Goal of the exercise:
Below this line are records; write out exactly the lines from the one containing "ip route-static 192.168.1.0" through the one containing "エメラルド・シンプル・王冠・メンズ・一粒・プラチナ・ピアス", with the pictures left out.

Records for this exercise:

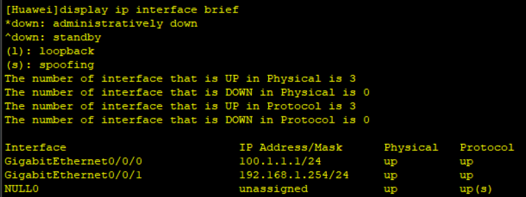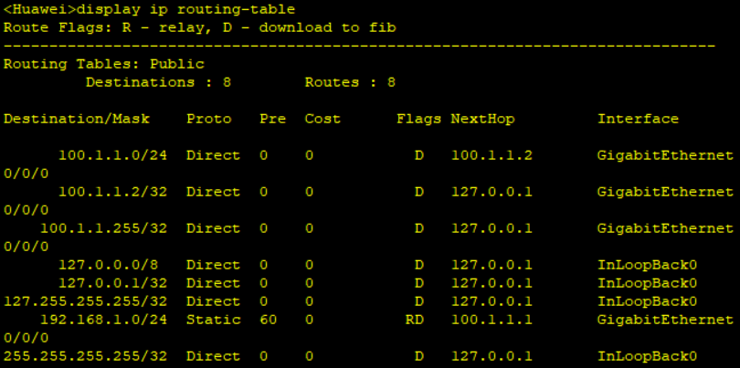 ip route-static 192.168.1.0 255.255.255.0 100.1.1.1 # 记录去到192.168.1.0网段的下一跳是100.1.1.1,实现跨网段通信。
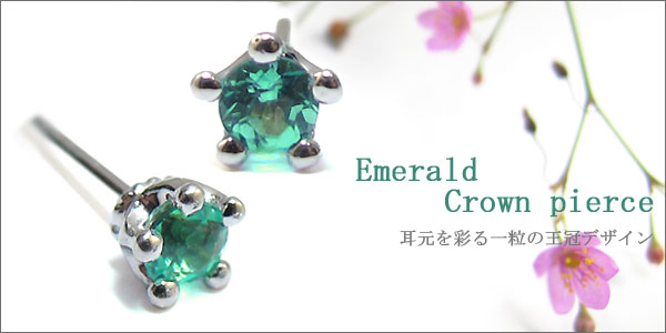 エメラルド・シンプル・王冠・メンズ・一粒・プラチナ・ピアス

---

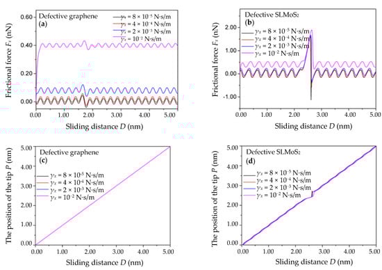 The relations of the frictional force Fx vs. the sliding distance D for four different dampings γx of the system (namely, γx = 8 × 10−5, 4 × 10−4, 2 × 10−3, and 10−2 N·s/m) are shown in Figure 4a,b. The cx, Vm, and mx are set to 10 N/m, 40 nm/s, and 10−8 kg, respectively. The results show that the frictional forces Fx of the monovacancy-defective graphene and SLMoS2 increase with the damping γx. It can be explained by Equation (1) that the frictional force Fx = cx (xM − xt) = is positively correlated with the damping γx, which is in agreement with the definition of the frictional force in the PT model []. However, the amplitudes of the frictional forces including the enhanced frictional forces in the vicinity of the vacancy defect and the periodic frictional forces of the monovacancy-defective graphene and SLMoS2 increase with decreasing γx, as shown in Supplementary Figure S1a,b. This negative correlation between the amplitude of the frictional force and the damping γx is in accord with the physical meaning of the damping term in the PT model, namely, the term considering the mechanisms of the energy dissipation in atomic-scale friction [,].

---

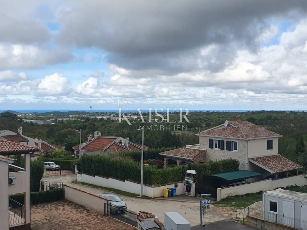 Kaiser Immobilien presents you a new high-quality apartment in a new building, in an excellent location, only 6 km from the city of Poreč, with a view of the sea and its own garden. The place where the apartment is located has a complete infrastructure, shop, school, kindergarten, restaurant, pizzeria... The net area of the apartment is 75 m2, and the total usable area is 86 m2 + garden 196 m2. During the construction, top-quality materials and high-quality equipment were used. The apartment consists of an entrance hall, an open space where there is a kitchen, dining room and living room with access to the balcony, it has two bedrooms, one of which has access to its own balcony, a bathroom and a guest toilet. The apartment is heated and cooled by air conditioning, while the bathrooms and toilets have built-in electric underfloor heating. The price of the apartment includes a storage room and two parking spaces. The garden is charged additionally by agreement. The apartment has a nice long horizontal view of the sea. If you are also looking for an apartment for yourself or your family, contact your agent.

Written answer:
 ip route-static 192.168.1.0 255.255.255.0 100.1.1.1 # 记录去到192.168.1.0网段的下一跳是100.1.1.1,实现跨网段通信。
 エメラルド・シンプル・王冠・メンズ・一粒・プラチナ・ピアス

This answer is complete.